Olá meninas, estou de volta com mais um capitulo para vcs.
Primeiro claro, os meus agradecimentos
Tehru, minha querida, adoro seus reviews. Menina eu tb faria isso, vc acha mesmo que eu o afastaria? que nada, eu puxaria ele apertaria beijaria, e vamos parar por aqui que estamos no horario livre, tem crianças na sala. Não precisa agradecer pelo capitulo, eu que agradeço pela leitura e review. E já comentei em sua fic, que alias está maravilhosa, sabe que eu a adoro neh
Dora Russel, Olhá só vc aqui de novo, quero te ver nos outros capitulos tb tá. Adorei seu review, agradeço muito e realmente vc necessita de mais, por isso estou aqui humildemente te enviando mais um capitulo. Aproveita
Bjus gente
Capitulo 15 – Tornando-se um só
Snape não se surpreendeu quando não avistou um sorriso de surpresa no rosto de Dumbledore e sim aquele maldito sorriso de quem já sabia que aquilo iria acontecer. Dumbledore sempre sabe de tudo. Um dom extremamente irritante.
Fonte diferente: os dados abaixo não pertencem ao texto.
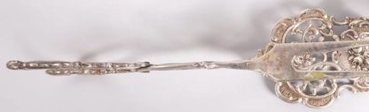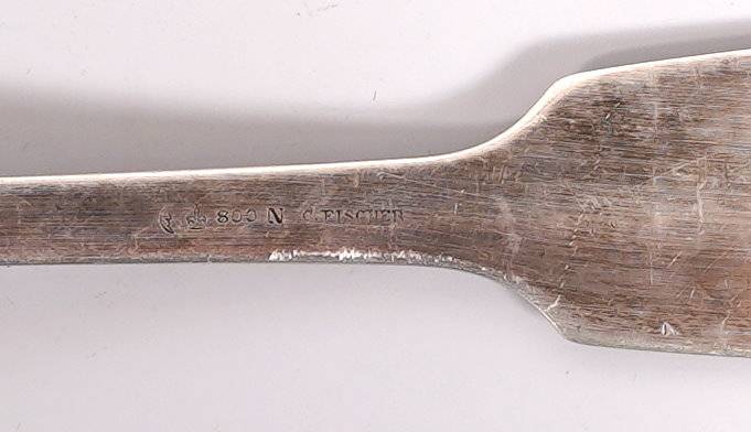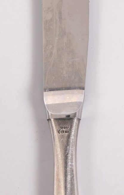 Deutsch Silber 800 (einmal Dänemark). Diverse Löffel eine Kelle, eine Zange und mehrere Spieße. Je punziert mit Feingehalt, meist mit Halbmond und Krone, teils mit Herstellerpunze. Länge der Kelle ca. 35 cm, Gesamtgewicht (ohne Messer) ca. 1009 Gramm. Mit altersbedingter Patina wie abgebildet.

- Eu sabia que você faria a escolha certa. – Disse o diretor sorrindo e levantando. – Vamos acompanhe-me até a Ala Hospitalar.
Enquanto caminhavam à passos rápidos em direção à ala hospitalar, Dumbledore explicava em mínimos detalhes o que poderia ocorrer dentro da mente de Harry e como Snape deveria ter cuidado, pois a mente do menino pode agir de várias formas, inclusive não o reconhecendo, as vezes não reconhecendo a ele mesmo. Snape só se reservava a murmurar um sim de vez em quando e a balançar a cabeça indicando que estava prestando atenção quando na verdade estava mais preocupado em chegar logo do lado do leito de Potter. Sentia o desespero apertar cada vez mais em seu coração.
Será que conseguiria trazê-lo de volta?
E se não conseguisse?
E se falhasse?
Não. Ele não podia se prender a essas possibilidades de falha. Sua cabeça explodiria dessa forma. As portas da Ala Hospitalar estavam logo adiante e Dumbledore a abriu como se nada aterrorizante esperasse do outro lado. Mas Snape hesitou por um leve segundo que não escapou dos olhos sábios do diretor.
- Não tenha medo, Severus.
Snape o olhou por apenas um segundo antes de murmurar "Medo do que?" e adentrar o recinto já ocupado por Hermione e Rony devidamente sentados nas cadeiras duras de madeira ao lado do leito dele.
Ele.
Quando esteve mais cedo naquele mesmo lugar não tinha olhado direito para seu corpo, tinha apenas ignorado e prestado atenção ao que os outros grifinórios diziam. Mas naquele momento não tinha ninguém falando e Hermione teve a delicadeza de puxar Rony para longe da cama de Harry, cama da qual Snape se aproximava cada vez mais.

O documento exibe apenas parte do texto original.